Simultaneously, the unions are developing various strategies to tackle the complex problem of migrant workers in the domestic services sector. The CCOO’s Federación de Construcción y Servicios (Construction and Services Federation), for example, is currently setting up PROMODE, a project run in cooperation with Italian and French organisations, with a view to developing a joint European programme to make such work visible and valued. For its part, the Instituto Sindical de Trabajo, Ambiente y Salud (ISTAS, the Union Institute for Labour, the Environment and Health) has developed an information package for women workers and their employers presenting the various exposures to occupational risks and providing recommendations on how to prevent these risks.
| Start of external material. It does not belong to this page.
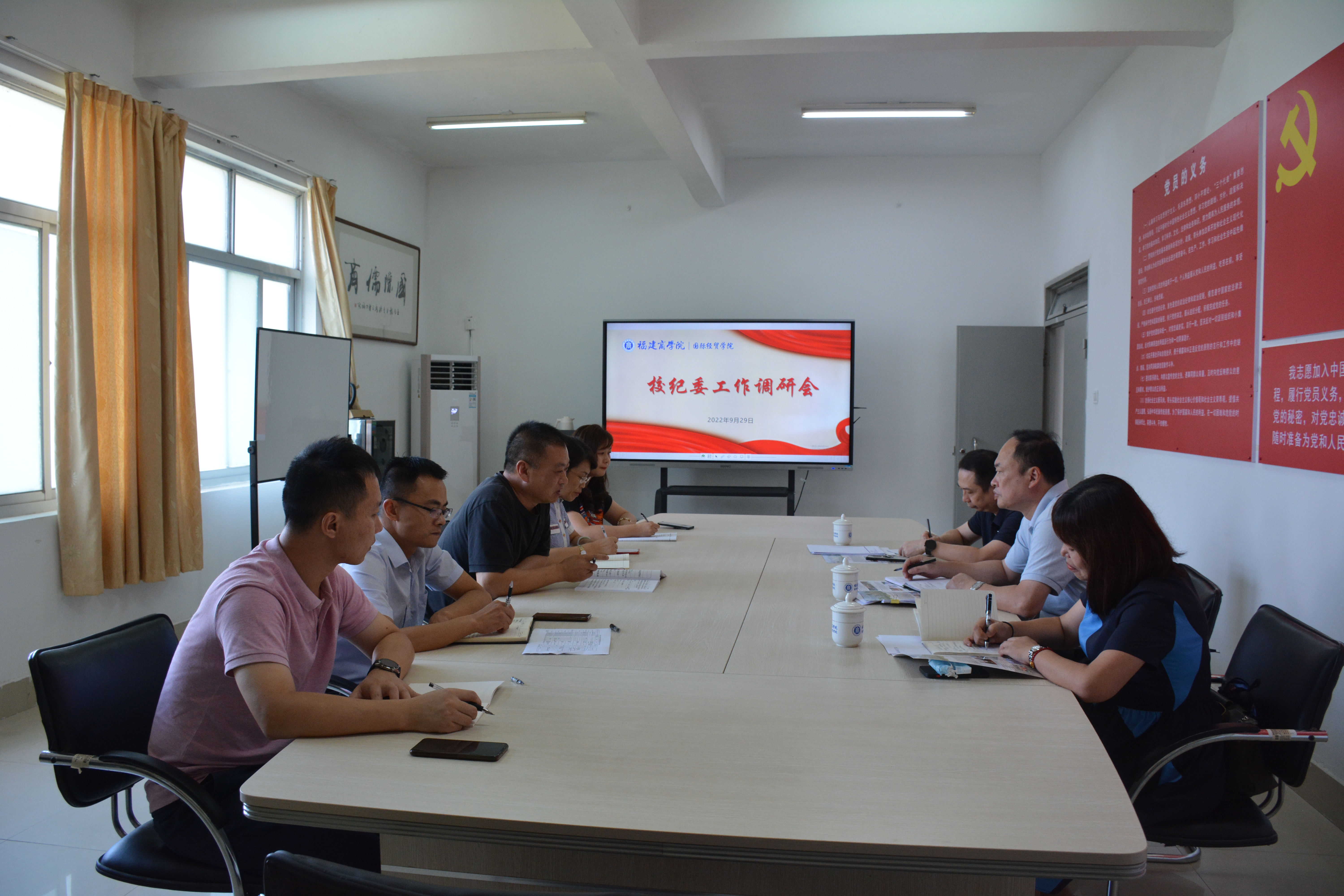 9月29日下午,校纪委书记(监察专员)周训胜到beat365官网调研指导工作,纪委(监察专员办)综合室主任李珍、纪检监察室主任林强陪同调研。全体院领导、办公室主任、团学办副主任参加,会议由院党委书记廖新平主持。

Although private employers are to a large extent unaware of such occupational risks, they have an obligation to prevent them. Regulations covering the special employment relationship in domestic services oblige employers to provide their employees with safe and healthy working conditions. They can incur liability when this is not the case.
The most difficult aspect for the unions is to actually work with the victims of such exploitation: their workplaces and origins rule out traditional union action strategies. In reaction to these difficulties, the Catalan CCOO’s information centre for foreign workers has developed a methodology for establishing a trust-based relationship with groups of migrant women. Carles Bertran i Bruguera, the centre’s director, explained this approach to us: "We need to take account of the solitude of these women workers and their lack of knowledge of their rights, two phenomena aggravating their precarious situation and their inability to defend themselves. This is especially true since a great number of them have no residence or work permits for Spain. Many of them are organised in associations, sometimes grouped around their nationality of origin, which function as personal development groups and which help them to regain control over their lives, but also to claim their rights and denounce the situations of exploitation they are subjected to. The experiment, launched in 2017 in Catalonia at the instigation of the CITE and the CCOO’s Construction and Services Federation, seeks to bring such groups and the unions together. Its outcome is an appreciable increase in union membership among the target audience. It has also heightened the visibility of these employees and the fight for their rights in the media and corridors of power. This visibility has led to concrete progress, as witnessed by the signing of an agreement between the Generalitat de Catalunya (the government of the Autonomous Community of Catalonia), the sector’s main representatives and the principal unions. The agreement lists no less than 37 measures, including some of the key demands of the workers concerned•.